Start by using an auto loan calculator to estimate a comfortable monthly payment and loan term. This will help you determine your “all-in” budget for a new vehicle.
For example, financing a $25,000 vehicle loan over a standard 60-month term is likely to saddle you with a monthly payment of $400–$500. Conversely, financing a $10,000 loan equates to a payment that’s closer to $100–$200 per month.
Third-party auto shopping sites, such as TrueCar and Edmunds.com, can be helpful here, as they allow you to easily browse and configure new, used and certified pre-owned vehicles across model years and manufacturers that fit your “all-in” budget. You may even find that you’ll be able to get more bang for your buck if you buy the previous year’s model or are flexible about included features.
Next, set a savings goal for your down payment. As a rule of thumb, if you’re shopping for a new vehicle, plan to put at least 20 percent of the total cost of the vehicle down at purchase; for used vehicles, a 10 percent down payment is typically sufficient. Though plenty of car buyers put down less, remember that purchasing a car with little or no money down will always cost you more in interest in the long run.
That said, your down payment can come from a variety of sources, including cash, trade-in and cash back rebates, so factor that in when setting your goal. Also, note that your “all-in” total should account for state and federal taxes, city sticker fees, and title and license plate fees. Because these vary by region, it’s smart to check with your local DMV as part of the planning process.
If you’re buying your vehicle from a dealership rather than through a private seller, you’ll want to keep a close eye on any additional fees that might get tacked on while completing the transaction.
Be up front with the dealership staff about wanting transparency, and be prepared to leave the negotiating table if something feels off.
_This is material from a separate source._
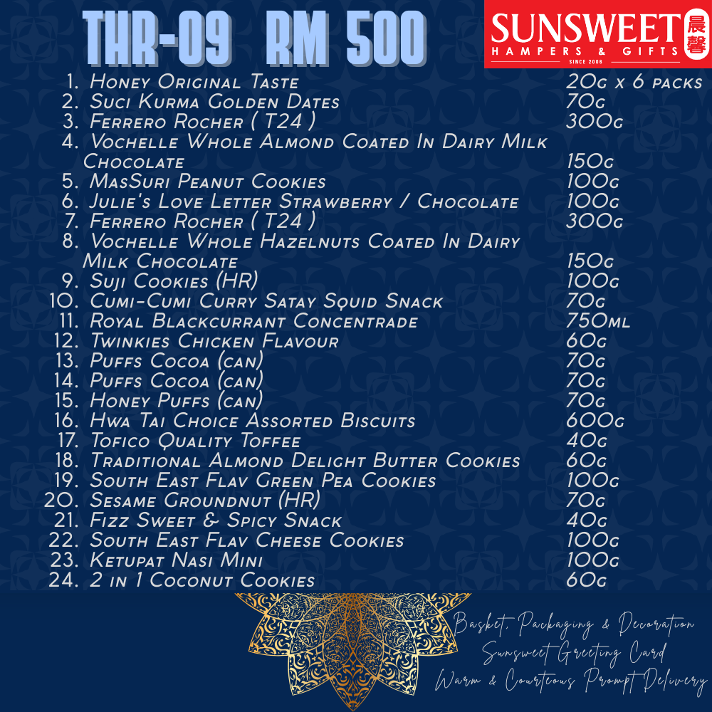- A minimum surcharge of RM25 will apply for any hamper that needs to be RESENT or REDIRECTED.
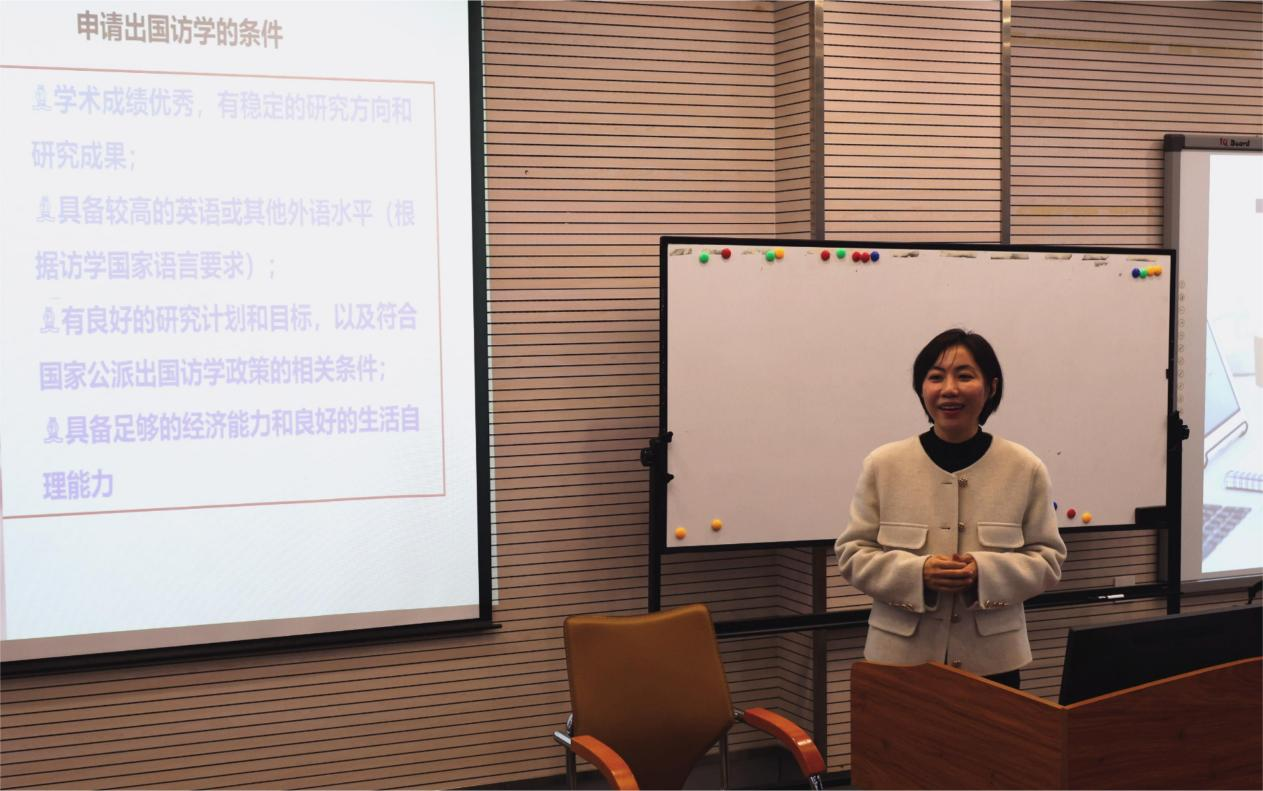 张池军老师以《海外学术研究关系建立心得》为主题做了经验分享。她于2015年获国家留学基金委访问学者项目资助1项,赴美国得克萨斯大学奥斯丁分校交流访学,并于2022年、2023年赴香港大学进行短期交流访学。她结合自身求学经历,向参会教师提供了寻找海外合作导师资源以及将访学研究成果转化为科研产出的新思路,讲述了通过发挥学科交叉优势增强学术影响力的路径,并对于如何申报国家留学基金委的访学研修项目提出了指导性的建议。她表示十分感谢学校向老师们提供的访问学习机会,希望老师们能充分利用这些机会促进自身发展,为学校各项事业的高质量发展贡献力量。

Line item fees, such as vehicle preparation, VIN etching and paint protection are often overlooked by new buyers, and can be avoided by sticking firm to a pre-negotiated “all-in” price for the vehicle.
In addition to creating a savings plan for your down payment, outline a budget for your everyday driving costs. It’s wise to have a month or two of expenses stashed away, especially if you’re a first time owner. After all, you’re not going anywhere without gas in the tank and proof of auto insurance.
Here’s an example list to get started:
Moreover, the limited list above does not include yearly expenses, such as license plate renewal fees and city permits, which vary by locale.
According to auto advocate AAA, the average cost of ownership of a standard sedan tops $8,000 annually. And as you’ll see, the numbers can add up quickly if you’re not fully prepared.
The final area you’ll want to consider before buying a new car is how you’ll afford to pay for vehicle maintenance, including both scheduled service and unexpected issues.
Whether you’re in need of an oil change, new tires or a major repair, it’s important to make sure you’ve got enough cash on hand to cover your expenses. Ignoring maintenance needs can negatively impact the value of your vehicle, or worse yet, leave you stranded in a tough situation.
To avoid disaster, try to put away a small amount of money each month in a dedicated automotive emergency fund.
By dividing your savings plan into three parts – down payment, monthly expenses and an emergency maintenance fund – you’ll have a clear sense of the actual costs of vehicle ownership while working toward a tangible savings goal.
It may take time and a bit of hard work, but once you can give yourself the financial green light to make the purchase, that new car smell will be even sweeter.